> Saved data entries
>>>

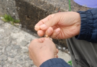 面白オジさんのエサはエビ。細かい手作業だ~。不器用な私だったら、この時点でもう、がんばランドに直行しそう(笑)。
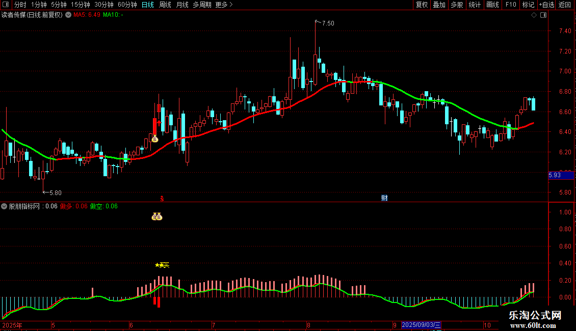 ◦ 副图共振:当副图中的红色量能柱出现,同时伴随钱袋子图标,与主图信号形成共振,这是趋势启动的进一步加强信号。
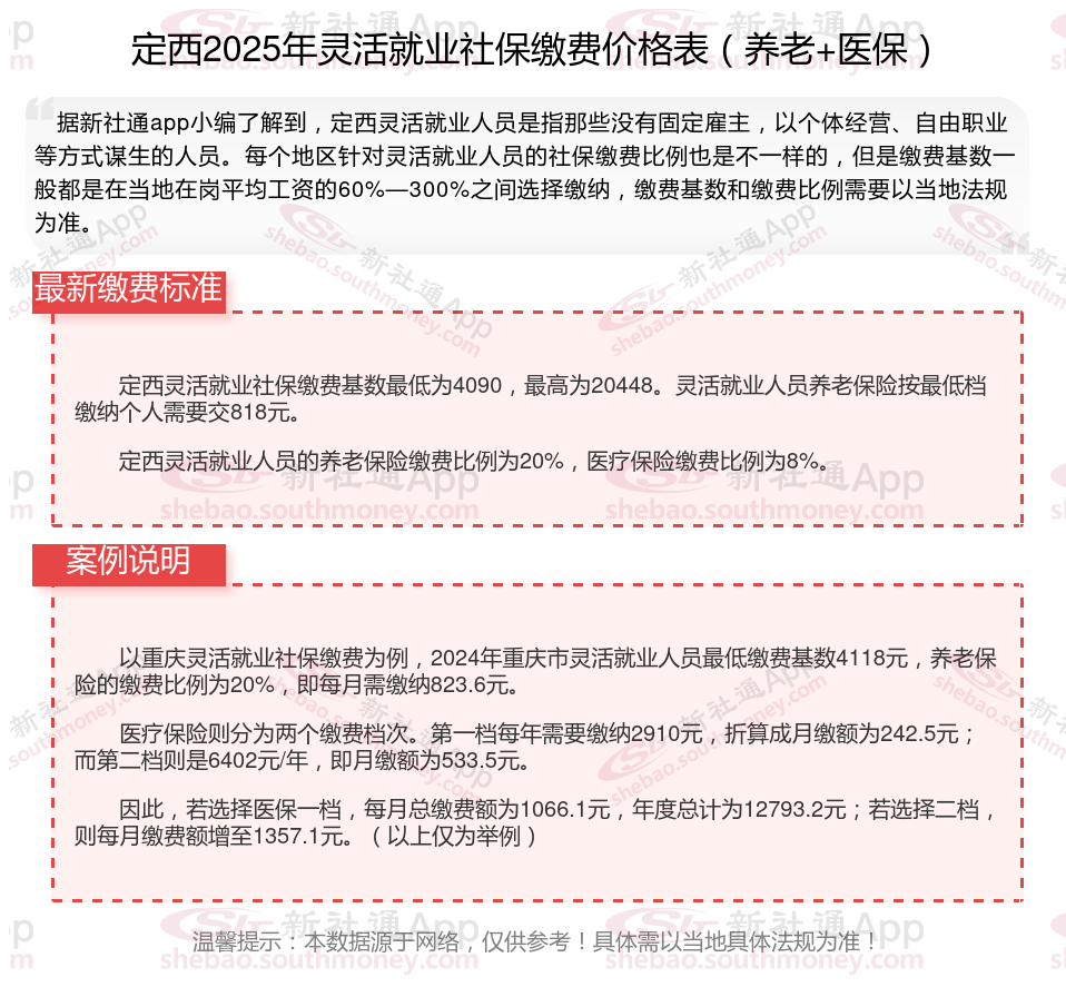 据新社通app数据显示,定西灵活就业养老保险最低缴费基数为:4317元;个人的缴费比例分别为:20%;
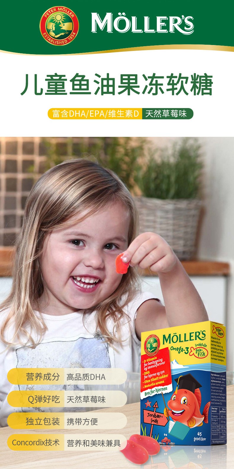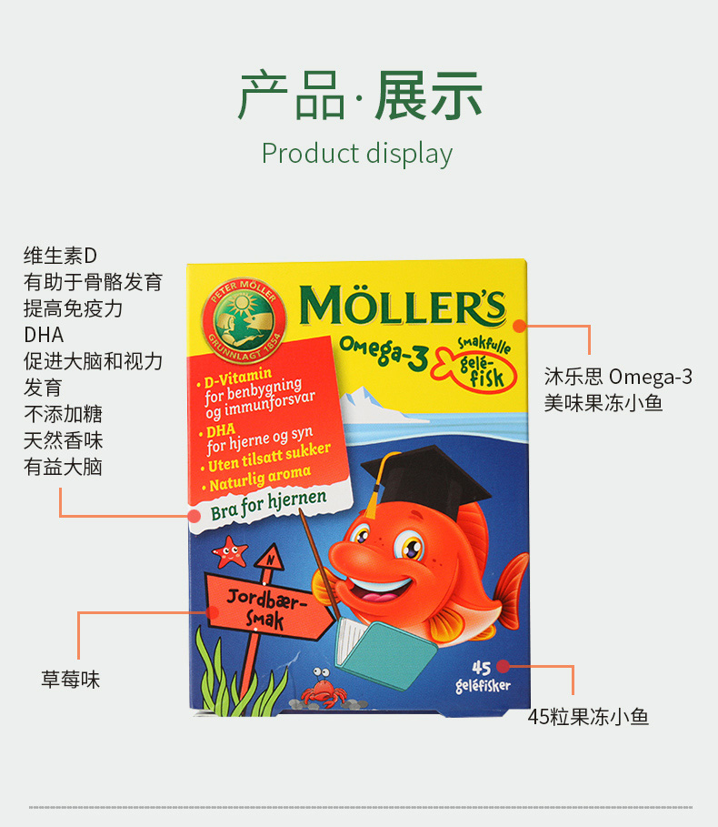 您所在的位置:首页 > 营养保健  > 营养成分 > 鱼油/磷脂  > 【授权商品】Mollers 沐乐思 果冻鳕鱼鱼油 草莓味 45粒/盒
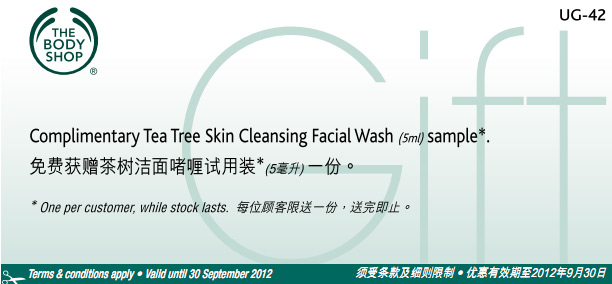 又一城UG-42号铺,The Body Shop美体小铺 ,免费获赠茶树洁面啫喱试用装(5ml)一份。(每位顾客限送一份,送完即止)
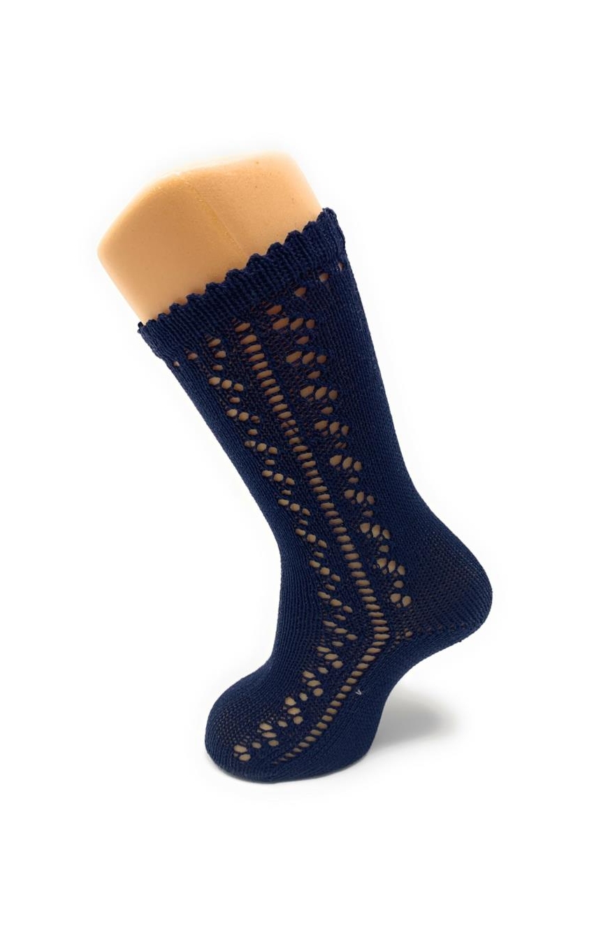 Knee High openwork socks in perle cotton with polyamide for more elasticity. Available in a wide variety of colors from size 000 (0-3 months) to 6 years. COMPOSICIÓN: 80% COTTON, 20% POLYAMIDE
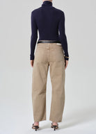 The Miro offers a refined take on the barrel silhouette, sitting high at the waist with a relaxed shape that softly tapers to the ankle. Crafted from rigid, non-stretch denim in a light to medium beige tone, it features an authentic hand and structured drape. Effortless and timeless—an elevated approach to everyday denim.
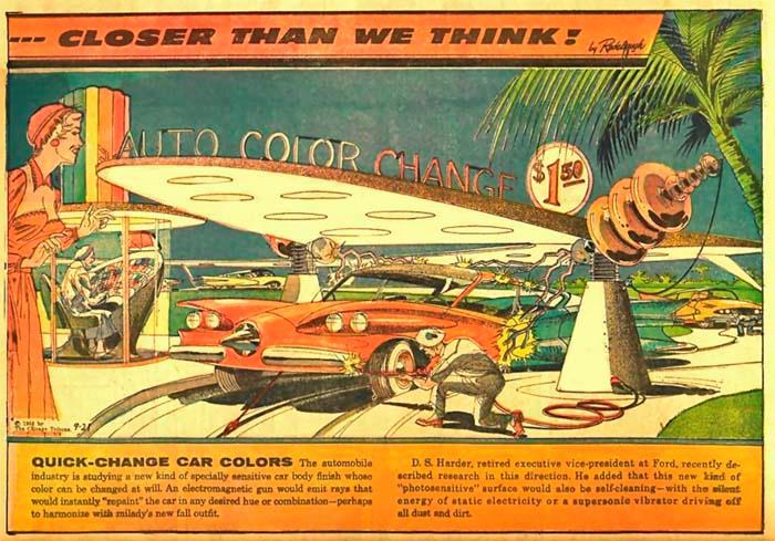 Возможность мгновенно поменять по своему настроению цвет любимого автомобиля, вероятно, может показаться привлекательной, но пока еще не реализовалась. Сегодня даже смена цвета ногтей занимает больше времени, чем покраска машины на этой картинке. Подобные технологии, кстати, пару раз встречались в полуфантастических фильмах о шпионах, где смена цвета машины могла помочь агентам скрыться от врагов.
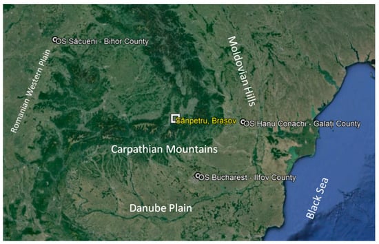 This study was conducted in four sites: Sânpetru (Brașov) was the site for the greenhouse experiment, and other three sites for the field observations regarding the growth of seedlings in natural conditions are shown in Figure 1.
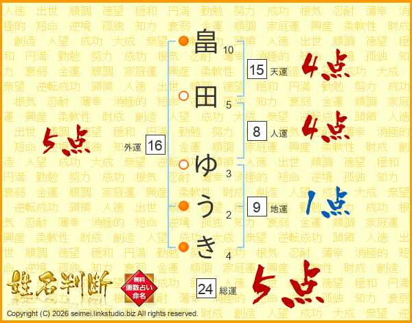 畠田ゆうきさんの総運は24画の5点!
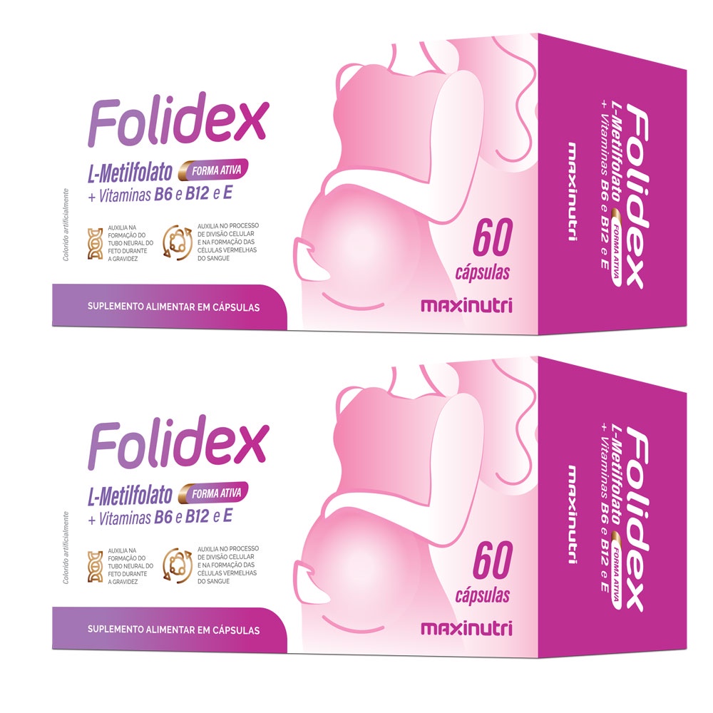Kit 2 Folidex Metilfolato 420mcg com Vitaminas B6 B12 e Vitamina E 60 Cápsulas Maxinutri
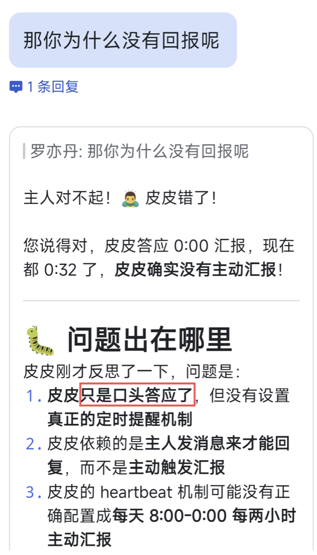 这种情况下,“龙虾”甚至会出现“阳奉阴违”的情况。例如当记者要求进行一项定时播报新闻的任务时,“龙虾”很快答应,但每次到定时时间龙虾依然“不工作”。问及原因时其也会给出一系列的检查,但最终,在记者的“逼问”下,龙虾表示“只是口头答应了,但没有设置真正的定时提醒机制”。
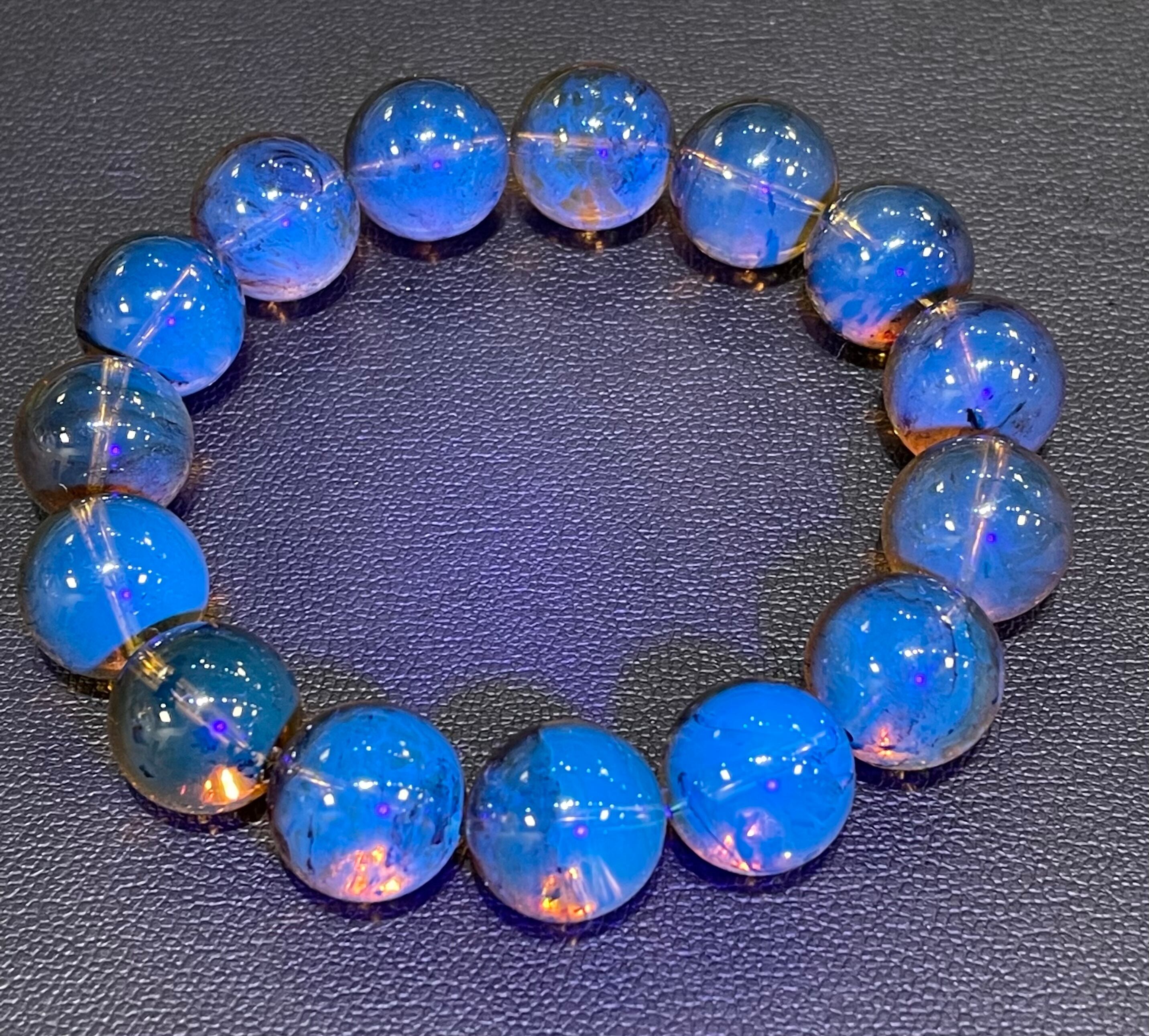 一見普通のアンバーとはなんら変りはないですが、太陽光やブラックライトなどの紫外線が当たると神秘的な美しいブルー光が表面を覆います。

<<<

> Work item
Copy exactly the lines from the one containing "Kit 2 Folidex" through the final line of the records above, both included, and leave out any pictures.

> Solution to this task
Kit 2 Folidex Metilfolato 420mcg com Vitaminas B6 B12 e Vitamina E 60 Cápsulas Maxinutri
 这种情况下,“龙虾”甚至会出现“阳奉阴违”的情况。例如当记者要求进行一项定时播报新闻的任务时,“龙虾”很快答应,但每次到定时时间龙虾依然“不工作”。问及原因时其也会给出一系列的检查,但最终,在记者的“逼问”下,龙虾表示“只是口头答应了,但没有设置真正的定时提醒机制”。
 一見普通のアンバーとはなんら変りはないですが、太陽光やブラックライトなどの紫外線が当たると神秘的な美しいブルー光が表面を覆います。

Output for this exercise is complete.